Randy Jones

Personal information
- Born: June 24, 1969 (age 57) Winston-Salem, North Carolina, U.S.

Medal record
Men's bobsleigh
Representing the United States
Olympic Games
| Silver medal – second place | 2002 Salt Lake City | Four-man |
World Championships
| Silver medal – second place | 2003 Lake Placid | Four-man |
| Bronze medal – third place | 1993 Igls | Four-man |
| Bronze medal – third place | 1997 St. Moritz | Four-man |

= Randy Jones (bobsleigh) =

American bobsledder (born 1969)

Randal "Randy" Jones (born June 24, 1969) is an American bobsledder. Jones competed in both the 2-man and 4-man events in four Winter Olympics.

==High school==
Jones attended Robert B. Glenn High School in Kernersville, North Carolina, where he was a standout in both track and football. He was a big part in helping lead the school to a boys NCHSAA 3A/4A track state championship in 1986, winning the 200 m and 4x200 meter relay state championships. He was also named Most Outstanding Performer of the NCHSAA 3A/4A state championship meet. Jones senior year in 1987, he was the NCHSAA 4A state champion in the 100 meter and 200 meter.

==College career==
Jones attended Duke University, where he played football and ran track, while earning a Mechanical Engineering degree. Graduating from Duke in 1991, he still holds five team football records for Duke in kick returns and was also a record-setting track athlete.

==Bobsledding career==
Jones' track coach at Duke convinced him after graduating to try out for the U.S. Bobsled team. Combined with a desire to see the world, Jones accepted the invitation to join the team. He won the National Brakeman and Side Push Championship twice in both 1992 and 1995, along with the World Cup and Overall Championship in 1992–93.

Jones made his Olympic debut in 1994 in Lillehammer, finishing 13th in the 2-man event.

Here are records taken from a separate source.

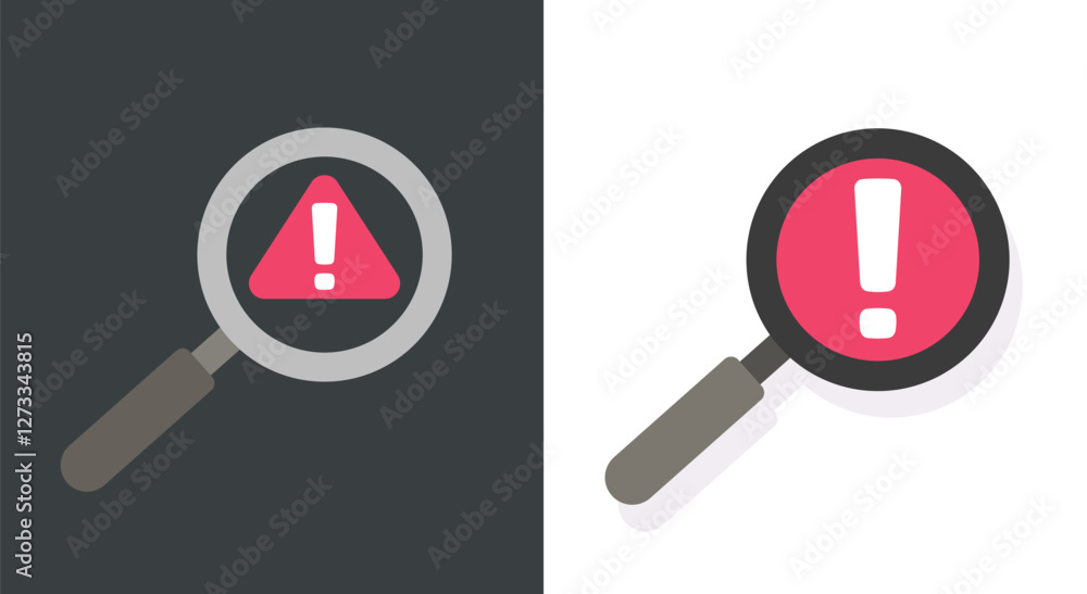 Tableau sur toile Magnifier glass identify scam alert caution icon vector graphic set, flat cartoo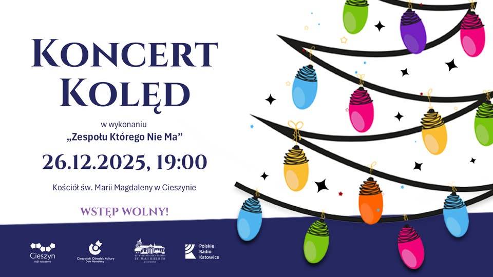 Cieszyński Ośrodek Kultury "Dom Narodowy" zaprasza na koncert kolęd w wykonaniu ZESPOŁU, KTÓREGO NIE MA.  Wydarzenie odbędzie się w piątek 26 grudnia 2025 o godzinie 19:00 w Kościele św. Marii Magdaleny w Cieszynie.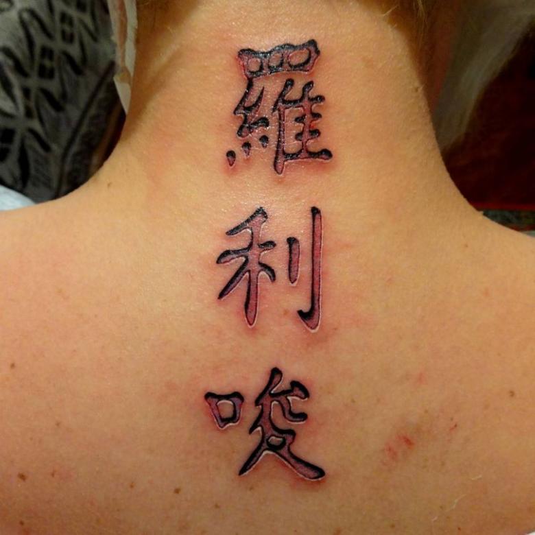 Les filles préfèrent avoir ces tatouages sur le cou, le ventre, le dos et les jambes. Les hommes, quant à eux, choisissent de dessiner sur leurs avant-bras, leur poitrine et leur dos. En outre, le beau sexe préfère un signe d'une petite taille, mais les hommes - le plus grand. Curieusement, ils peuvent être positionnés verticalement ou horizontalement sur le corps.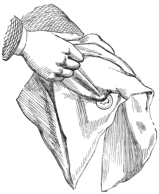IV. The Bleeding Thumb.—This is a very effective trick, but I am afraid, unless my pupil has some little self-sacrifice, and does not mind enduring a trifling pain in order to amuse his audience, this trick will never be performed. Previous to doing it, you puncture your thumb with a needle in one or two places, near the nail. You then assert that you will cut open your thumb and instantly heal it. You take a handkerchief and tightly bind the thumb therewith, keeping the thumb perfectly straight. You ask for a knife—the sharper the better—and, having obtained one, you pretend to cut the thumb, which you bend. This causes the blood to flow from the punctures. The blood spreads along the knife, which looks as though it had cut almost through the thumb. You then wipe the blood away, straightening the thumb, and show that there is no sign of wound or blood.

He came up short in the 1998 Winter Olympics in Nagano as the 4-man team with driver Brian Shimer and pushers Chip Minton and Garrett Hines missed by .02 seconds of winning a bronze medal, finishing fifth.

After winning four World Cup medals, 2002 saw Jones have the best year of his career in bobsledding. At the 2002 Winter Olympics in Salt Lake City, Jones along with driver Todd Hays, won a silver medal in the 4-man event. This marked the first time since 1956 that the United States won a medal in men's bobsledding. Jones also won three medals in the four-man event at the FIBT World Championships with a silver (2003) and two bronzes (1993, 1997).

In 2005-06, Jones' best finish in the World Cup was second at the 4-man event held in Calgary, Alberta, Canada. He was at the 2006 Winter Olympics, but did not run in either competition. Jones is now part of the United States Olympic Committee and is widely considered as the most decorated bobsledder in U.S. history.

==Personal life==
Jones is married to his wife, Cheri Alou, and currently resides in Atlanta, Georgia. Jones and his wife Cheri also have twins, Roman and Marissa, who reside with them in Atlanta, Georgia. Jones currently works as a Technology Director for Omnicom Media Group.